The objectives of the surveillance program, as described in news reports, seem laudable. The government should be running to ground the contacts listed in a suspected terrorist's cell phone, for example. What is troubling is that this domestic spying is being done in apparent contravention of FISA, for reasons that still
are not clear.
FISA anticipates situations in which speed is essential. It allows the government to start eavesdropping without a court order and to keep it going for a maximum of three days. And while the FISA application process is often burdensome in routine cases, it can also move with remarkable speed when necessary, with applications written and approved in just a few hours.Perhaps the administration did not believe that these wiretaps would meet the FISA standard, which requires the government to have probable cause to believe that the target of the surveillance is an agent of a foreign power, which includes terrorists and spies. Yet, since 2001, FISA judges have reportedly reviewed more than 5,645 applications and rejected only four. The current judges were all hand-picked by the late Chief Justice William Rehnquist, who presumably felt that they had the right temperament and expertise to understand the national security imperatives as well as the need to protect civil liberties.

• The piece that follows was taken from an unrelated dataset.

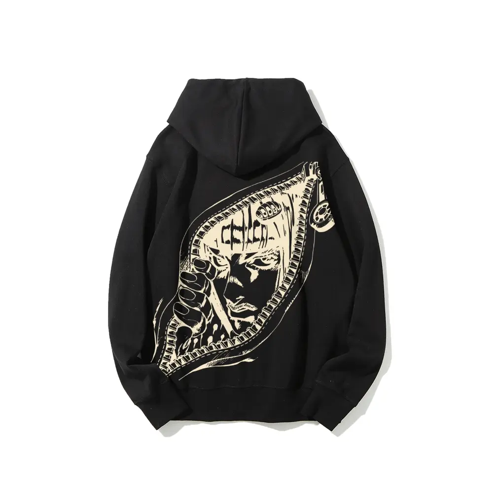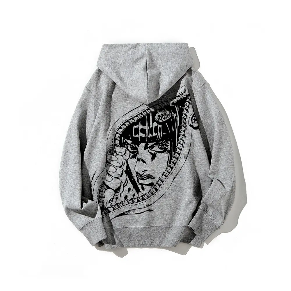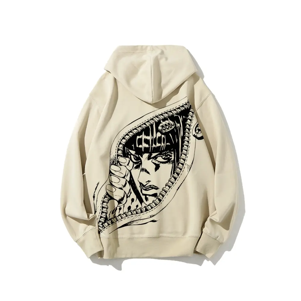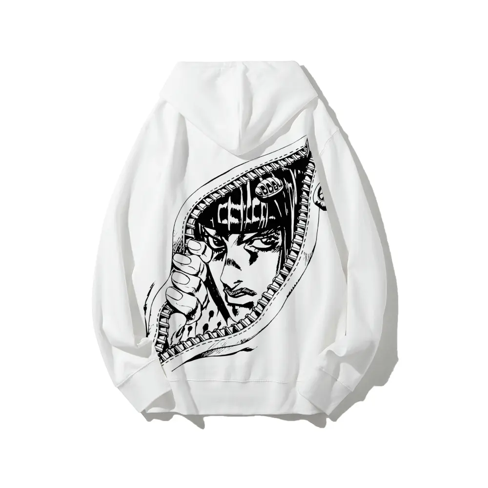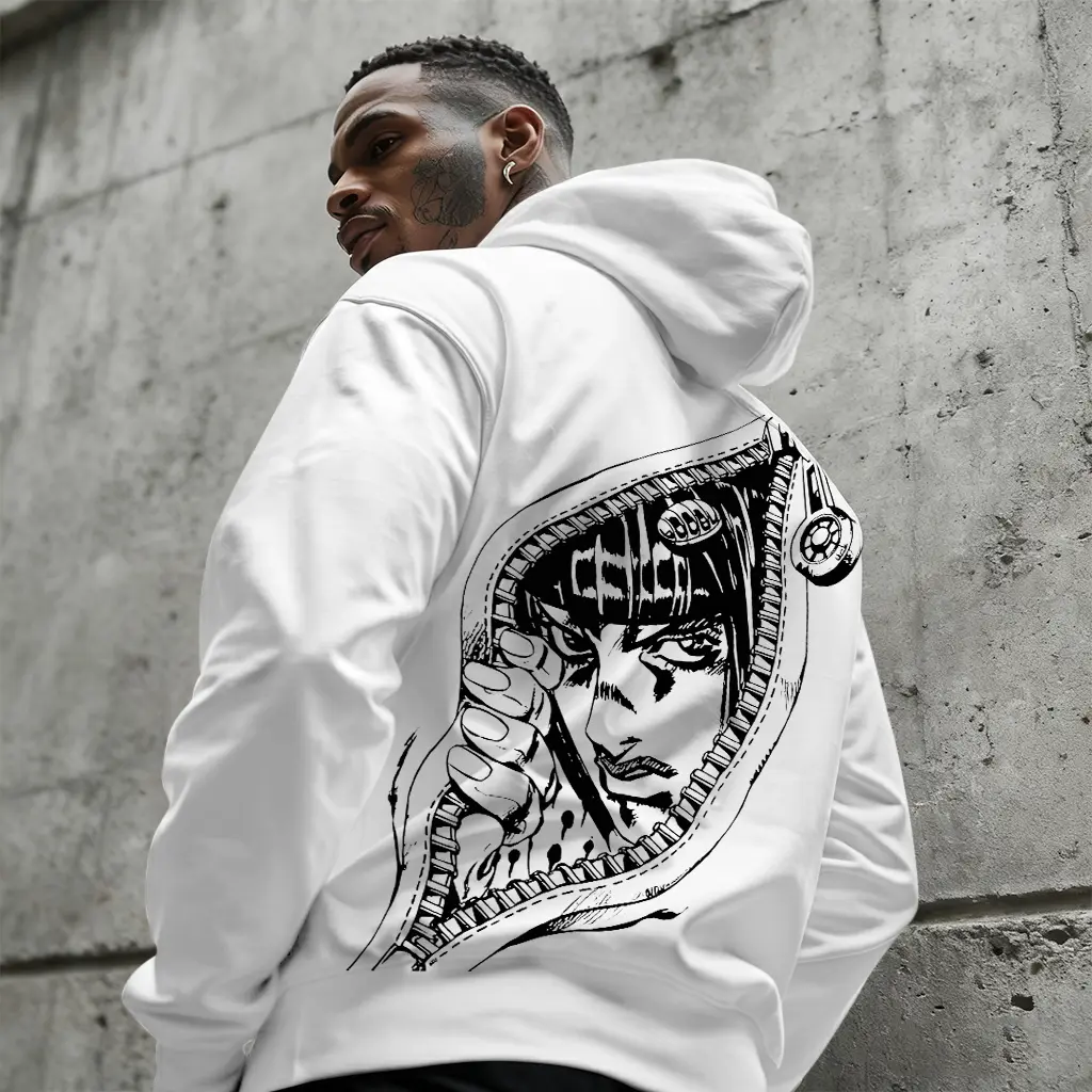 5. JoJo's Bizarre Adventure Bruno Bucciarati Sticky finger Retro-Inspired Hoodie Men's Cotton Blend Classic Anime Design Long-Sleeved Pullover Casual Style Line Drawing Print Menswear Sweatshirts Tops Operator Unisex Fashionable Crewneck
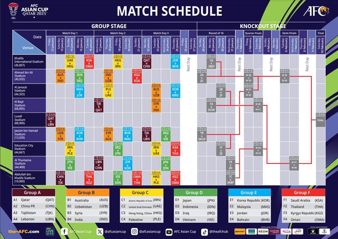 카타르 아시안컵 대회기간 2024년 1월 12일 금요일 ~ 2월 10일 일요일

So the fundamental differences between these two commentaries are conservatives are alright with allowing their president to usurp civil liberties if they make them safer, would they feel the same way if it was President Hilary Clinton, or some other Democrat? I find this a bit amusing since most red states (who seem to receive the most homeland security funding) are probably not real terrorist targets anyway, but at least they feel safer. The other response says that it would have been relatively easy for the president to have complied with the law and averted this controversy, since the overwhelming majority of requests for FISA requests were approved.
As new information is released and various opinions are stated the same basic question remains and should be asked over again until we have a sufficient answer:
Why couldn't the president just get legal approval and follow the law?
FISA allows itself to be by-passed for up to 3 days in order to move on something timely and hot. There does not appear to have any reason, other than bad advice from his attorney general's and white counsel's for not following the procedures. Or is FISA really is insufficient, the work with congress to amend, change or create new legislation that allows for the new threats that exist now that did not in 1978. Personally, I think this the "new" threat is just an excuse and a lot of hooey.
I am still disturbedby the arrogance of the admission that he did it, and he is going to keep on doing it. (He sounds like Mel Brooks as Louis XVI in History of the Part 1.) He shows no remorse, he just keeps pushing this republic towards a dictatorship and an imperialistic empire. I am all for protecting the US from further attacks, but I a more for the protection of the civil rights of its citizens, which is what the founding fathers fought so hard for so many years ago.